Saved data entries
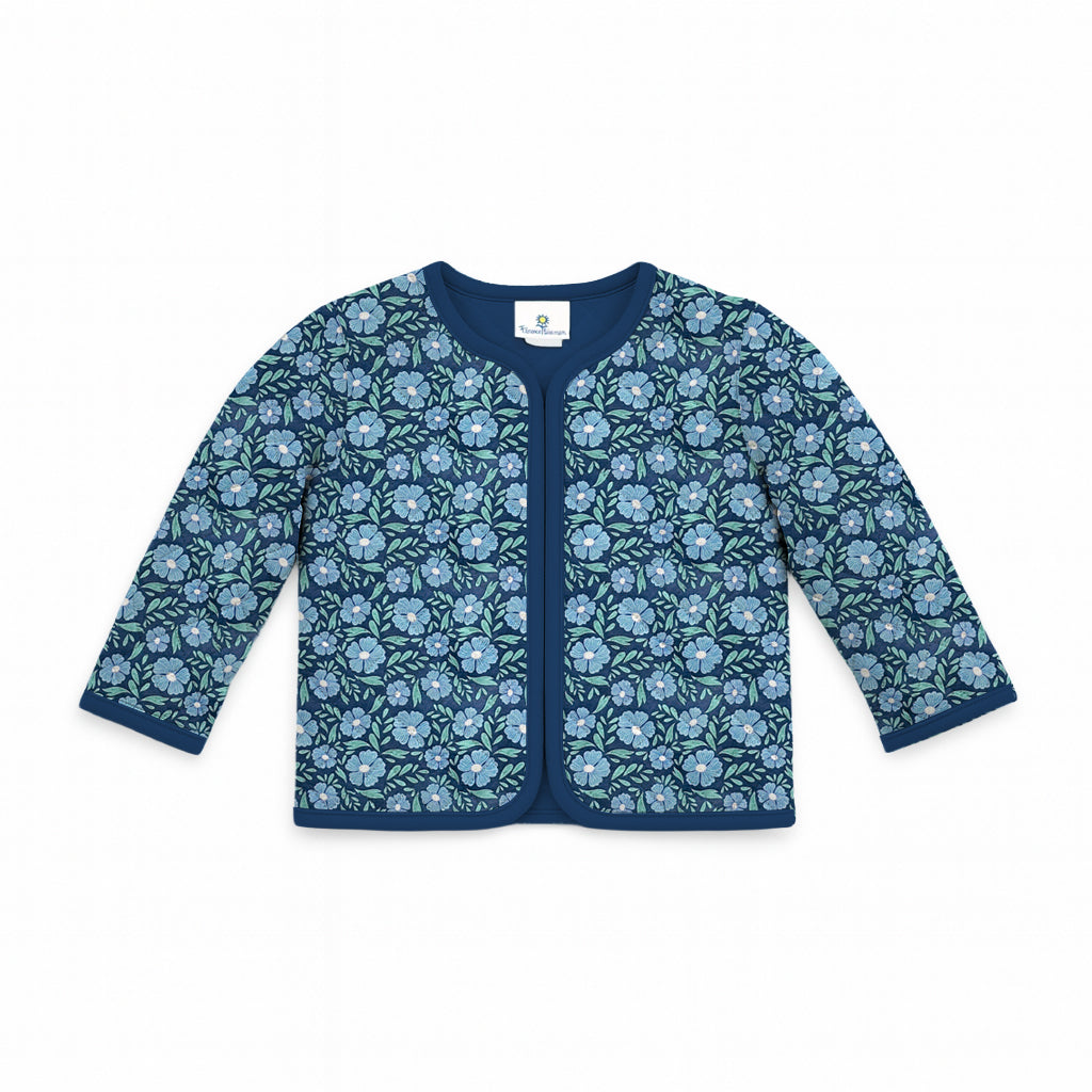 Regular price $120.00 Sale price $78.00Wrap her in cozy charm with this quilted cotton jacket, featuring our signature navy and blue floral print. Fully lined in solid navy poplin with matching binding, it blends warmth and whimsy for cooler days. A classic hook-and-eye closure at the center front offers a neat, polished finish—perfect for layering over school looks or dressing up for special outings.
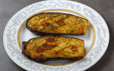 - Такі баклажани можна готувати в духовці при 180° С. Але в такому разі помідори та часник додавай наприкінці запікання. Запікання зберігає більше користі баклажанів.
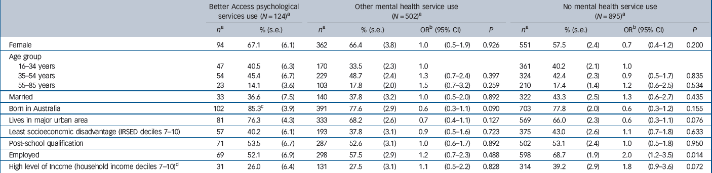 | Better Access psychological services use (N = l24) a | Other mental health service use (N = 502) a | No mental health service use (N = 895) a | |||||||||||||
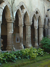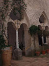 特に回廊の流れるようなラインの柱は絶賛されている。アラブ独特の工芸的なアーチを交差させたデザインは必見。この回廊はもともとアマルフィの有力者の墓地だったもの。真っ白な壁が南イタリアの太陽に照らされた、光り輝く。小さな中庭には熱帯性の植物が植えられ、どことなく砂漠のオアシスを彷彿させる。回廊内の各所には当時のフレスコ画が幾つか残っている。回廊横からは、博物館へ進むことができ、博物館の階段を降りるとDumoの地下、サンタンドレアの地下聖堂へ進むことができる。 |
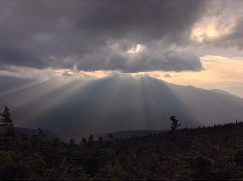 Sometimes the awe and beauty of the mountains can stop you in your tracks, erase all from your mind that is not present in that moment, and focus you on the here-and-now in a way not readily achieved in our daily lives. Like the runner’s high achieved by the long distance runner, it is a euphoric trance that centers you in the moment and in the world. It is the restorative power of wilderness and the reason so many work so hard to protect such wilderness experiences. In the early evening hours, as we crested Carter’s Dome, we were treated to a divine display of sun and clouds as the realm of the Appalachian Trail and surrounding mountains stretched out before us. This is why we hike.
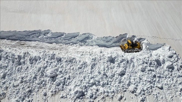 Zorlu doğa koşullarında 12 Nisan'dan beri çalışma yürüten ekipler, kar kalınlığının yer yer iş makinesinin boyunu aştığı noktalarda güçlükle ilerleyebiliyor.
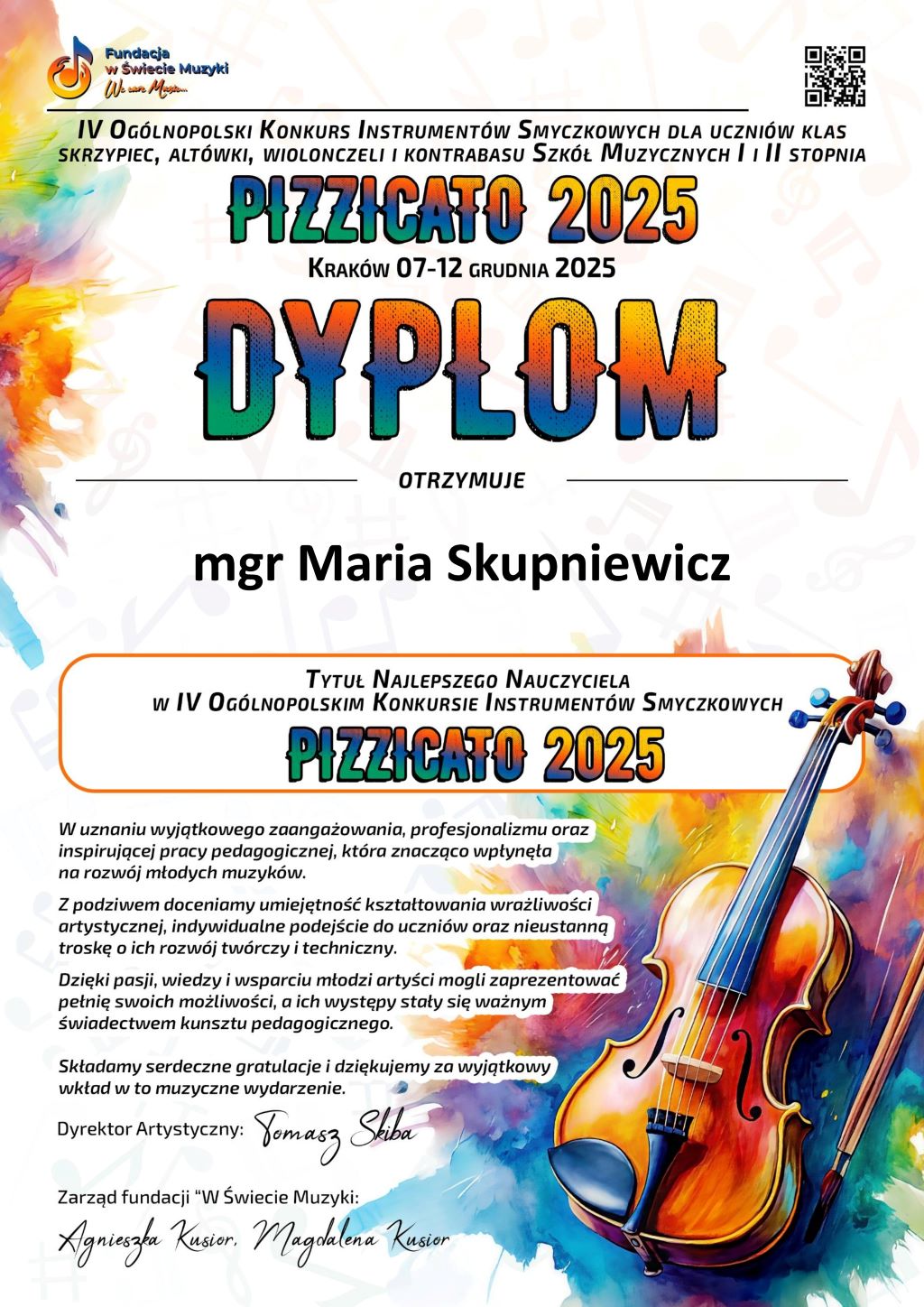 Z satysfakcją informujemy, że Victoria Kulik z klasy skrzypiec p. Marii Skupniewicz otrzymała III Miejsce w IV Ogólnopolskim Konkursie Instrumentów Smyczkowych – PIZZICATO 2025. Victorii akompaniował p. Łukasz Stanisławczyk. Pani Maria Skupniewicz otrzymała Tytuł Najlepszego Nauczyciela konkursu.
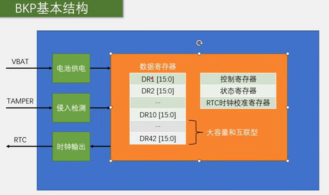 BKP备份寄存器和Flash存储器类似,Flash的数据是真正的掉电不丢失,而BKP的数据,是需要VBAT引脚接上备用电池来维持的
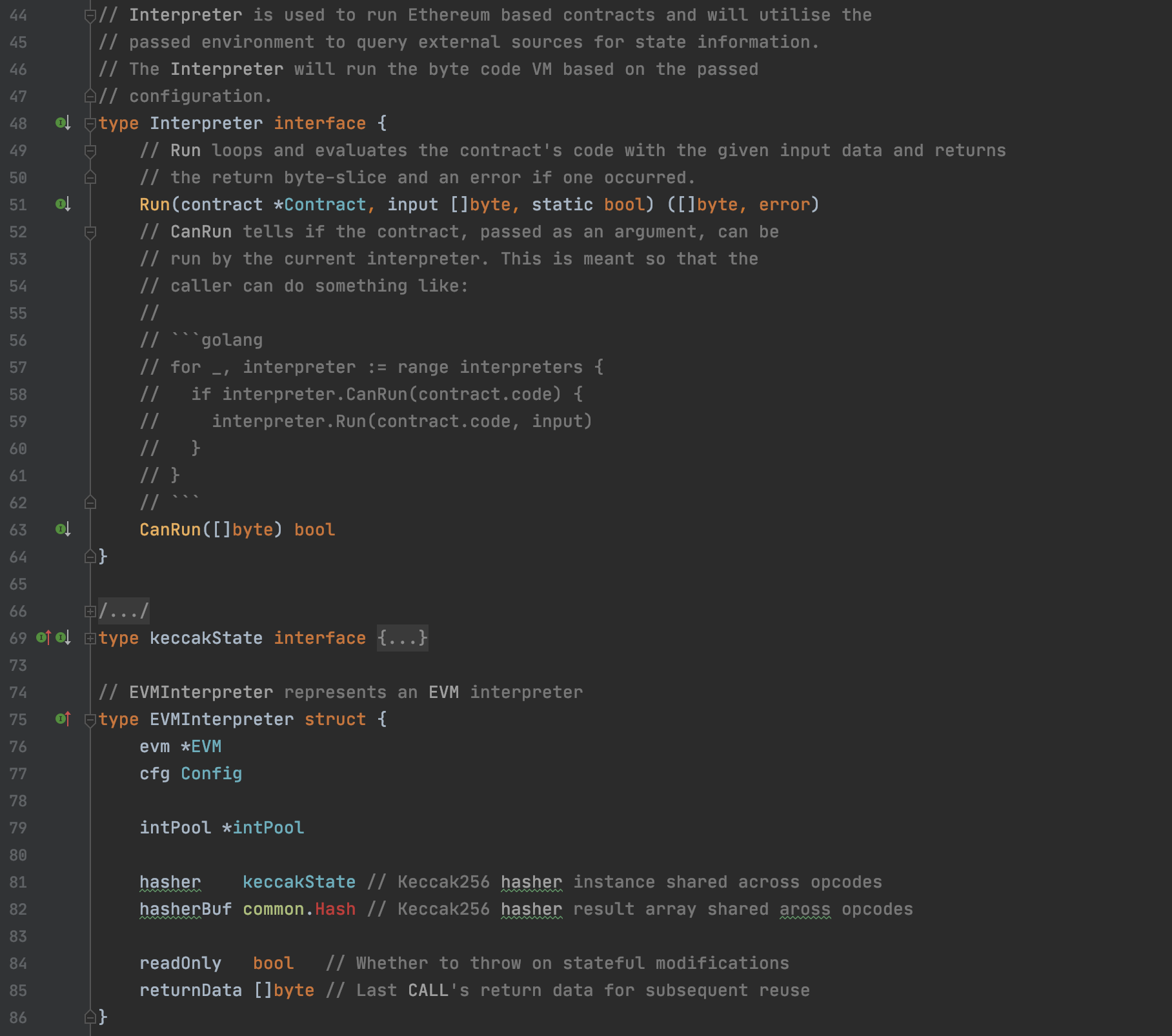 解释器相关代码在interpreter.go中,interpreter是一个接口,目前仅有EVMInterpreter这一个具体实现
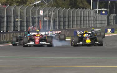 Duello in stile 2021 tra Lewis Hamilton e Max Verstappen nel caotico GP del Messico. Al 6° giro l'olandese va all'attacco del britannico, che si difende come un leone. Nella battaglia finiscono entrambi nell'erba, ma l'unica penalità arriva al pilota della Ferrari che sconta 10'' per aver tratto vantaggio tagliando una chicane. Guarda la fotosequenza. Il GP del Messico è LIVE su Sky e in streaming su NOW
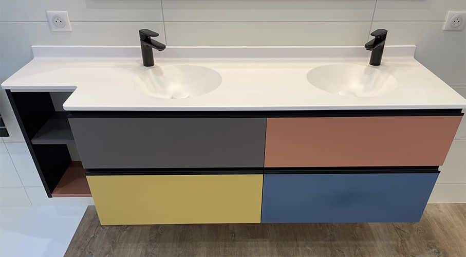 Dosseret hauteur 5 cm – 2 vasques moulées Doma Ø 36 cm sans trop plein Angle arrondi R 2cm - Bonde à écoulement libre avec dessus en résine idem plan

**Work to complete**
Omit the pictures, then set down all the remaining data exactly as given.

**Written solution**
 Regular price $120.00 Sale price $78.00Wrap her in cozy charm with this quilted cotton jacket, featuring our signature navy and blue floral print. Fully lined in solid navy poplin with matching binding, it blends warmth and whimsy for cooler days. A classic hook-and-eye closure at the center front offers a neat, polished finish—perfect for layering over school looks or dressing up for special outings.
 - Такі баклажани можна готувати в духовці при 180° С. Але в такому разі помідори та часник додавай наприкінці запікання. Запікання зберігає більше користі баклажанів.
 | Better Access psychological services use (N = l24) a | Other mental health service use (N = 502) a | No mental health service use (N = 895) a | |||||||||||||
 特に回廊の流れるようなラインの柱は絶賛されている。アラブ独特の工芸的なアーチを交差させたデザインは必見。この回廊はもともとアマルフィの有力者の墓地だったもの。真っ白な壁が南イタリアの太陽に照らされた、光り輝く。小さな中庭には熱帯性の植物が植えられ、どことなく砂漠のオアシスを彷彿させる。回廊内の各所には当時のフレスコ画が幾つか残っている。回廊横からは、博物館へ進むことができ、博物館の階段を降りるとDumoの地下、サンタンドレアの地下聖堂へ進むことができる。 |
 Sometimes the awe and beauty of the mountains can stop you in your tracks, erase all from your mind that is not present in that moment, and focus you on the here-and-now in a way not readily achieved in our daily lives. Like the runner’s high achieved by the long distance runner, it is a euphoric trance that centers you in the moment and in the world. It is the restorative power of wilderness and the reason so many work so hard to protect such wilderness experiences. In the early evening hours, as we crested Carter’s Dome, we were treated to a divine display of sun and clouds as the realm of the Appalachian Trail and surrounding mountains stretched out before us. This is why we hike.
 Zorlu doğa koşullarında 12 Nisan'dan beri çalışma yürüten ekipler, kar kalınlığının yer yer iş makinesinin boyunu aştığı noktalarda güçlükle ilerleyebiliyor.
 Z satysfakcją informujemy, że Victoria Kulik z klasy skrzypiec p. Marii Skupniewicz otrzymała III Miejsce w IV Ogólnopolskim Konkursie Instrumentów Smyczkowych – PIZZICATO 2025. Victorii akompaniował p. Łukasz Stanisławczyk. Pani Maria Skupniewicz otrzymała Tytuł Najlepszego Nauczyciela konkursu.
 BKP备份寄存器和Flash存储器类似,Flash的数据是真正的掉电不丢失,而BKP的数据,是需要VBAT引脚接上备用电池来维持的
 解释器相关代码在interpreter.go中,interpreter是一个接口,目前仅有EVMInterpreter这一个具体实现
 Duello in stile 2021 tra Lewis Hamilton e Max Verstappen nel caotico GP del Messico. Al 6° giro l'olandese va all'attacco del britannico, che si difende come un leone. Nella battaglia finiscono entrambi nell'erba, ma l'unica penalità arriva al pilota della Ferrari che sconta 10'' per aver tratto vantaggio tagliando una chicane. Guarda la fotosequenza. Il GP del Messico è LIVE su Sky e in streaming su NOW
 Dosseret hauteur 5 cm – 2 vasques moulées Doma Ø 36 cm sans trop plein Angle arrondi R 2cm - Bonde à écoulement libre avec dessus en résine idem plan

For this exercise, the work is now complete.